Stop the thieves of time

Here are two free-to-use websites that help you manage your time, as well as some helpful information about how to use timesheets to do “job sculpting.”

The Pomodoro approach

It’s widely accepted that our attention flags after a certain amount of time (that’s why 15 minute stand-up meetings are popular). Using the Pomodoro method, you allocate 25 minutes to focus on a task or project, and then 5 minutes to take a break (check e-mail or social media, grab a coffee, etc.) The 25 minute intervals work best if you get rid of as many sources of distraction as possible. The website helps you use this method – and it’s so easy I don’t even need to describe it here.

Time sheets and job sculpting

A common source of frustration is feeling that we don’t have enough time for the things we most need or want to do. In an approach called job sculpting, managers hire and place staff by matching their areas of interest and ability to the job responsibilities.

I’ve borrowed from this approach at various times during my career. One simple exercise involves chunking my time into types of tasks, and then tracking the amount of time I spend on each type of task. This helps me stay focused on the activities or tasks that will help me succeed in my current endeavor. It also can provide documentation to help my manager or my colleagues understand how much time certain responsibilities take. Ultimately, I spend less time dithering in unproductive areas and more time focusing on the work that moves ENGIE Services U.S. forward.

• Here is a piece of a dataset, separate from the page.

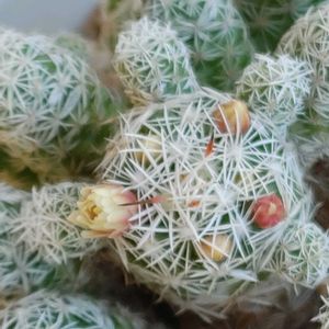 ①象牙丸 今年も3回目の花 ・7月下旬にモフモフが増えてきたら、蕾が出る ➡️8月上旬に花が咲く。 花は8月上旬~11月上旬に開花。 *今年は、初の子株が増えました! 7月中旬に突然9個現れ、今では11個になっています♪(*・ω・人) ②ペンタカンサ 今日で連続3日咲き続けています! ③緋花玉 もうすぐ咲くね♡ ④縮玉 成長点から新しい棘とモフ毛 ⑤金盛丸 一夜咲きしたあと ぐったりします(*‘ω‘ *) ちょんまげみたいで、なんだか可愛らしい♡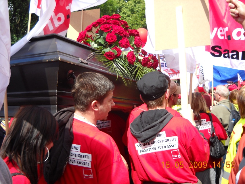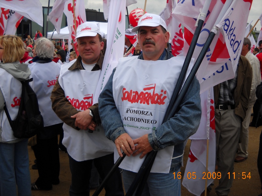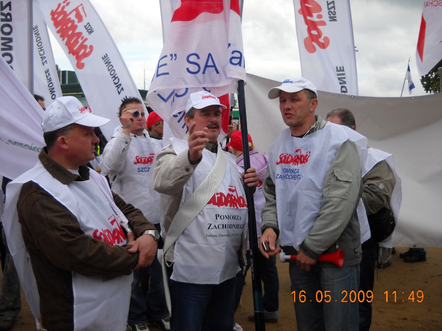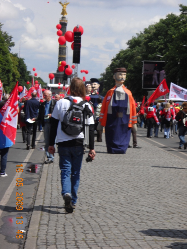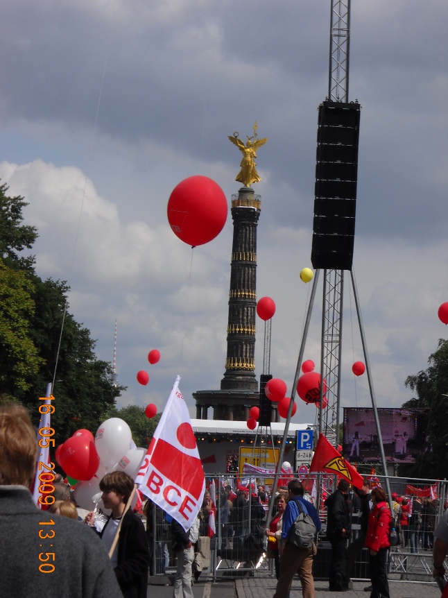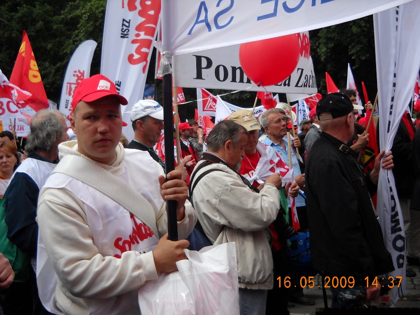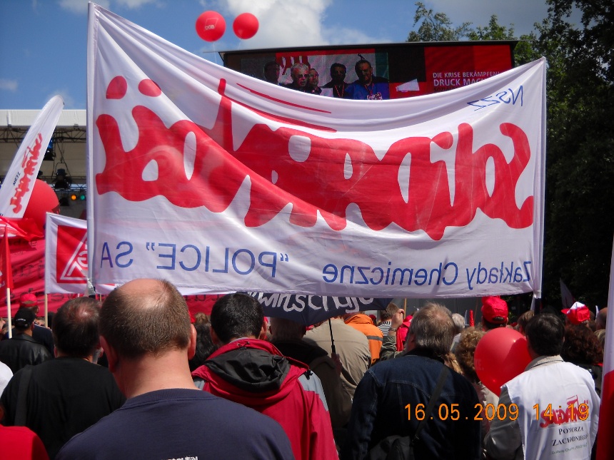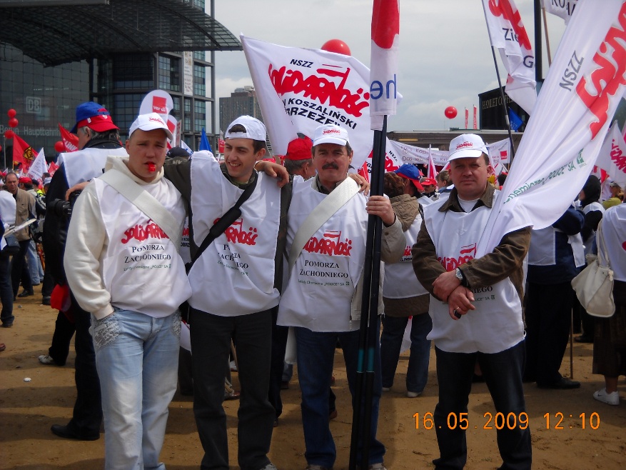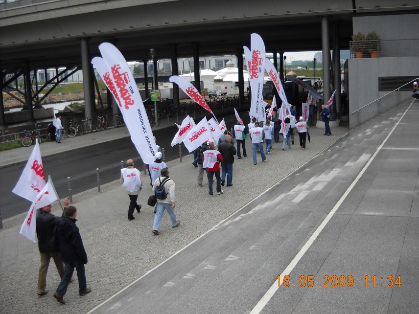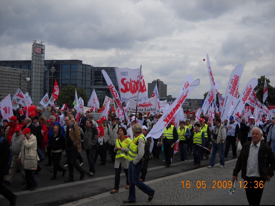 Galeria Galeria 7 - Manifestacja w Berlinie. 16 maj 2009 r. Blisko sto tysięcy osób, w tym 500 związkowców z Polski w tym przedstawiciele z naszej komisji związkowej, wzięło udział w manifestacji w Berlinie, zorganizowanej przez Europejską Konfederację Związków Zawodowych (EKZZ). Dwa pochody pod hasłem "Walczyć z kryzysem. Pakt Socjalny dla Europy. Winni muszą zapłacić" przeszły centralnymi ulicami niemieckiej stolicy pod Kolumnę Zwycięstwa, gdzie odbył się wiec kończący demonstrację.

But how does this work in practice?

During periods of time when I feel I need to re-focus, I use a free account at a website called My Hours.

(They don’t require you to input a credit card or any more personal information besides your name and email address).

MyHours and similar websites are intended for freelancers who track billable hours, but they can easily be repurposed to help balance your tasks at work. For example, my projects are:

Strategy / vision – any activity used to gain insight or do overall planning. Because marketers can easily get overwhelmed by executing projects, it’s important to allocate enough time to strategy.

Execution – anything related to planning and executing marketing activities (from trade show coordination to writing to meetings)

Internal communication – sharing or receiving ideas and information related to company culture or processes

I kept it as simple as possible so that I don’t have to think too much about tracking time – the point is to chunk things into general buckets and discipline myself not to get stuck in time-wasting activities.

Someone else might choose to monitor their stress levels by using Steven Covey’s categories.

  • Urgent and important
  • Important but not urgent
  • Urgent but not important
  • Neither urgent not important

Or, If you have different constituencies you’re accountable to, you can set them up as “Clients” to understand how much of your time they’re taking.

After using a time tracker for a while, you can understand how you’re spending your time, and make changes if needed. I guarantee you will be surprised.